Gov. Katie Hobbs' top budget staffer is resigning just as lawmakers and the governor begin contentious negotiations over next year’s state spending plan.
The Arizona Republic first reported that Budget Director Sarah Brown will step down effective Feb. 12.
“It has been the honor of a lifetime to serve the state and work for you for the last six years and I am so proud of what we’ve accomplished under your leadership,” Brown wrote in a Jan. 29 resignation letter.
Brown has led the governor’s budget office since late 2022 and previously worked as Hobbs’ chief financial officer when Hobbs was secretary of state.

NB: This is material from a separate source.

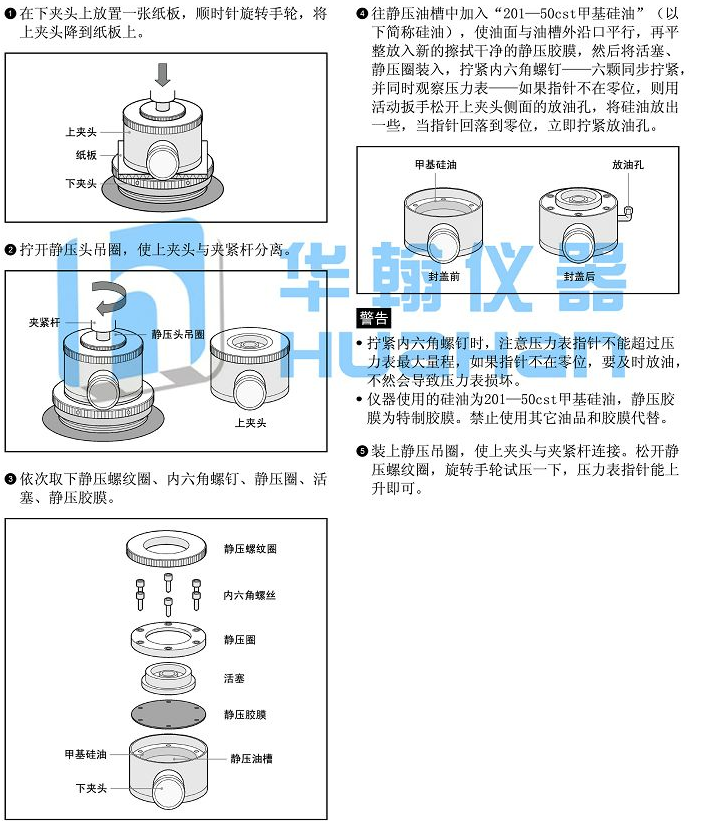 1,當(dāng)對(duì)試樣施加夾緊力時(shí)出現(xiàn)旋轉(zhuǎn)手輪的力偏重或無(wú)法達(dá)到要求的夾持力時(shí),說(shuō)明靜壓油槽中有泄油情況或靜壓膠膜破裂不產(chǎn)生靜壓力,則應(yīng)添加“201—50cst甲基硅油”或更換膠膜。

“Working for you has been a dream, but the time has come for me to give more of myself to other parts of my life,” Brown wrote.
The resignation comes at a critical moment — the governor’s office is just beginning to negotiate next year’s spending plan with the Republican lawmakers who control the state Legislature. Lawmakers must pass a budget before the end of the fiscal year on June 30 to keep basic government operations funded.
Those negotiations went down to the wire last year, with Hobbs and lawmakers scrambling to cut spending to address a projected $1.8 billion deficit. In Hobbs’ first year in office, the Democratic governor and Republican-led Legislature were able to pass a budget in May when state coffers were flush with cash — a sizable chunk of which was allocated to pet projects favored by individual lawmakers.
Now, Hobbs enters her third year of negotiations without her top budget aide.
The resignation comes a week after Hobbs’ staff presented the governor’s proposed budget for next year to lawmakers. Republicans claimed the new budget included errors and did not account for hundreds of millions of dollars in expected spending on the state’s Medicaid program in the coming years.
Rep. David Livingston (R-Peoria), who leads the Arizona House committee that approves spending bills, was a fierce critic of the governor’s budget. He said he has no idea whether those issues factored into Brown’s resignation and that he takes “no joy when someone leaves or gets pushed out or gets fired.”
“We try to work with both sides of the aisle,” Livingston said. “With that said, this budget that we have is in terrible shape, the executive budget. It doesn’t add up.”
A spokesman for the governor’s office said those Republican complaints had nothing to do with Brown’s resignation.
“Absolutely not,” spokesman Christian Slater said. “Sarah served the state with distinction, working for the governor for the last six years. Running a statewide elected official’s budget office is a tough job, and Sarah wanted a break.”